> ABOUT THIS TASK
Your reply must contain the full listing below, reproduced exactly, but no pictures.

> RAW DATA
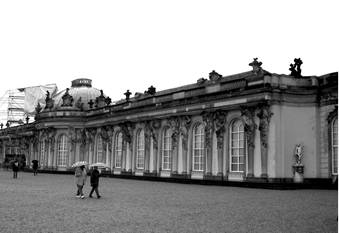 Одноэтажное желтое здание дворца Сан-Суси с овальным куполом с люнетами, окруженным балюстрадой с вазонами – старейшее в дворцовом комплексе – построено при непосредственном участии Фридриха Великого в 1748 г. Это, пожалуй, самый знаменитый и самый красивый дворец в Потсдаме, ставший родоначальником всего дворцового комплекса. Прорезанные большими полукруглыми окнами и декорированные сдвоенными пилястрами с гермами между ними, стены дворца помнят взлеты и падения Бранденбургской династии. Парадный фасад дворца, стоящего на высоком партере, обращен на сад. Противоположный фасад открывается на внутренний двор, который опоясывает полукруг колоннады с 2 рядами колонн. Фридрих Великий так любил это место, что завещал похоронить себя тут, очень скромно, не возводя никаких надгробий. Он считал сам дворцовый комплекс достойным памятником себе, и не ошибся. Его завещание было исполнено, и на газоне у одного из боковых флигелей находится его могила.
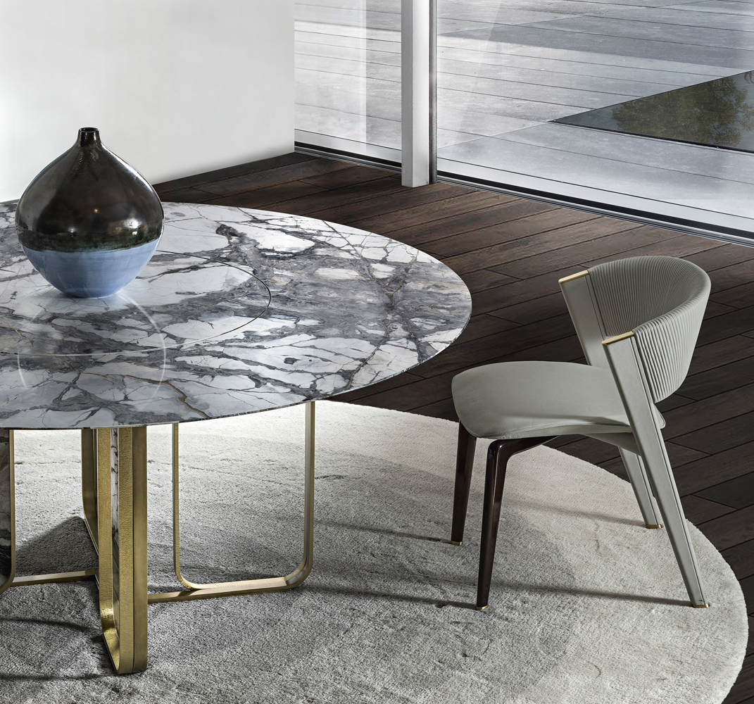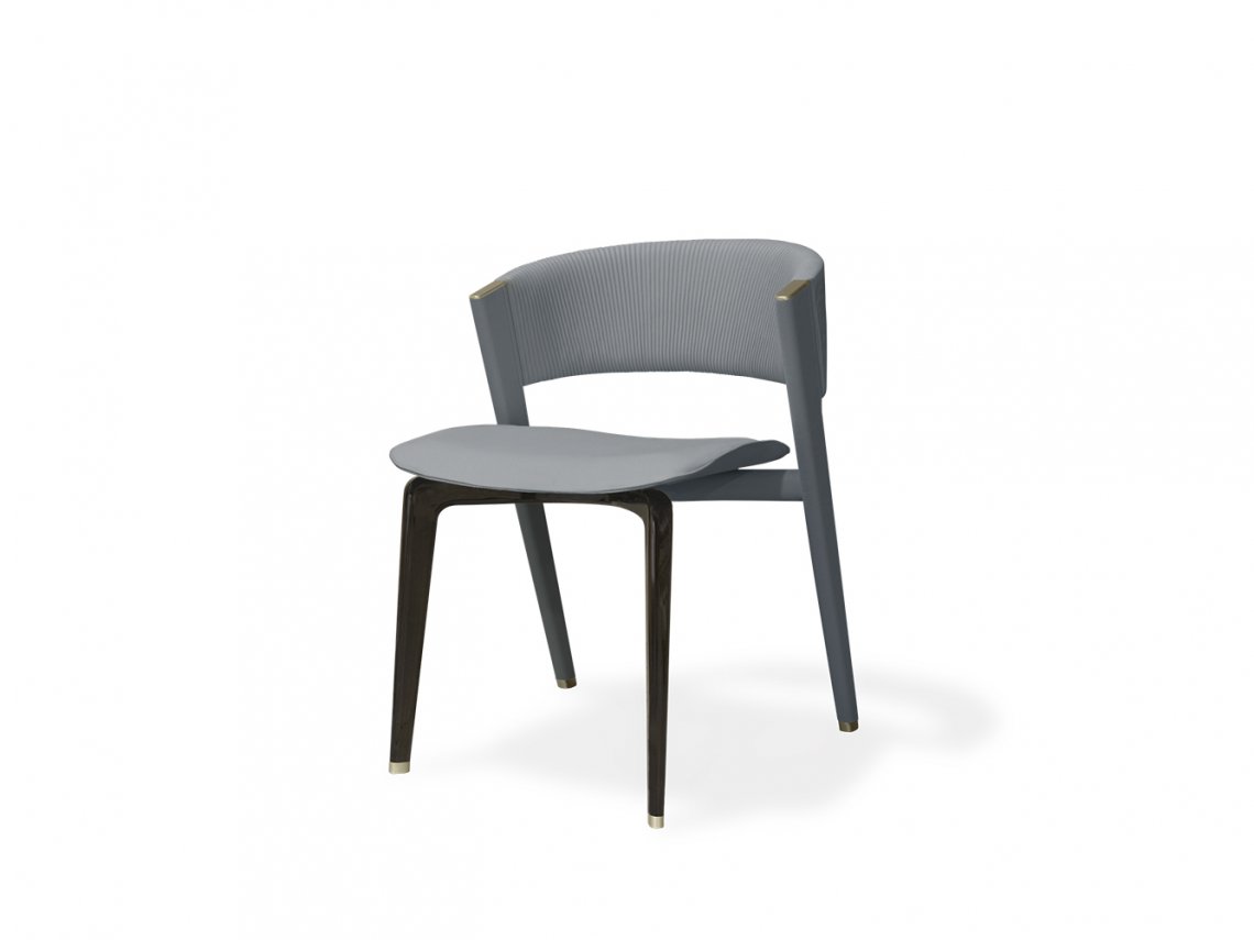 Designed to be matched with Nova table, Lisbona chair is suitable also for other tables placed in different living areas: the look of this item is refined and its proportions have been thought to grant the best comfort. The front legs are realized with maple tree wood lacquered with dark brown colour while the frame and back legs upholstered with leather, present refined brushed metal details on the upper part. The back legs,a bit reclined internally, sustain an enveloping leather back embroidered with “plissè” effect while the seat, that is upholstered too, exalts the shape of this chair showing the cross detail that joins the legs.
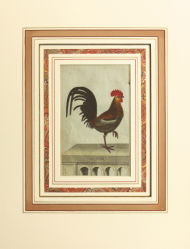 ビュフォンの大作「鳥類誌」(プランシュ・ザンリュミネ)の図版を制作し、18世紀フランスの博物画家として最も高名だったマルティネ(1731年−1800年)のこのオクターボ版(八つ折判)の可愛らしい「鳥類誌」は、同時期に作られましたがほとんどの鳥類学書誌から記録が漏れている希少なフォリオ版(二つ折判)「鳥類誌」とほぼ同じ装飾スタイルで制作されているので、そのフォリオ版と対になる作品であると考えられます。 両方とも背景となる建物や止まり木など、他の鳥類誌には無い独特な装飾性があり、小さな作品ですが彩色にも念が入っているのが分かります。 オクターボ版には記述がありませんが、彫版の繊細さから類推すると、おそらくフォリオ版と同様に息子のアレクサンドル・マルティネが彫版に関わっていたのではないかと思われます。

> SOLUTION TO THE EXERCISE
 Одноэтажное желтое здание дворца Сан-Суси с овальным куполом с люнетами, окруженным балюстрадой с вазонами – старейшее в дворцовом комплексе – построено при непосредственном участии Фридриха Великого в 1748 г. Это, пожалуй, самый знаменитый и самый красивый дворец в Потсдаме, ставший родоначальником всего дворцового комплекса. Прорезанные большими полукруглыми окнами и декорированные сдвоенными пилястрами с гермами между ними, стены дворца помнят взлеты и падения Бранденбургской династии. Парадный фасад дворца, стоящего на высоком партере, обращен на сад. Противоположный фасад открывается на внутренний двор, который опоясывает полукруг колоннады с 2 рядами колонн. Фридрих Великий так любил это место, что завещал похоронить себя тут, очень скромно, не возводя никаких надгробий. Он считал сам дворцовый комплекс достойным памятником себе, и не ошибся. Его завещание было исполнено, и на газоне у одного из боковых флигелей находится его могила.
 Designed to be matched with Nova table, Lisbona chair is suitable also for other tables placed in different living areas: the look of this item is refined and its proportions have been thought to grant the best comfort. The front legs are realized with maple tree wood lacquered with dark brown colour while the frame and back legs upholstered with leather, present refined brushed metal details on the upper part. The back legs,a bit reclined internally, sustain an enveloping leather back embroidered with “plissè” effect while the seat, that is upholstered too, exalts the shape of this chair showing the cross detail that joins the legs.
 ビュフォンの大作「鳥類誌」(プランシュ・ザンリュミネ)の図版を制作し、18世紀フランスの博物画家として最も高名だったマルティネ(1731年−1800年)のこのオクターボ版(八つ折判)の可愛らしい「鳥類誌」は、同時期に作られましたがほとんどの鳥類学書誌から記録が漏れている希少なフォリオ版(二つ折判)「鳥類誌」とほぼ同じ装飾スタイルで制作されているので、そのフォリオ版と対になる作品であると考えられます。 両方とも背景となる建物や止まり木など、他の鳥類誌には無い独特な装飾性があり、小さな作品ですが彩色にも念が入っているのが分かります。 オクターボ版には記述がありませんが、彫版の繊細さから類推すると、おそらくフォリオ版と同様に息子のアレクサンドル・マルティネが彫版に関わっていたのではないかと思われます。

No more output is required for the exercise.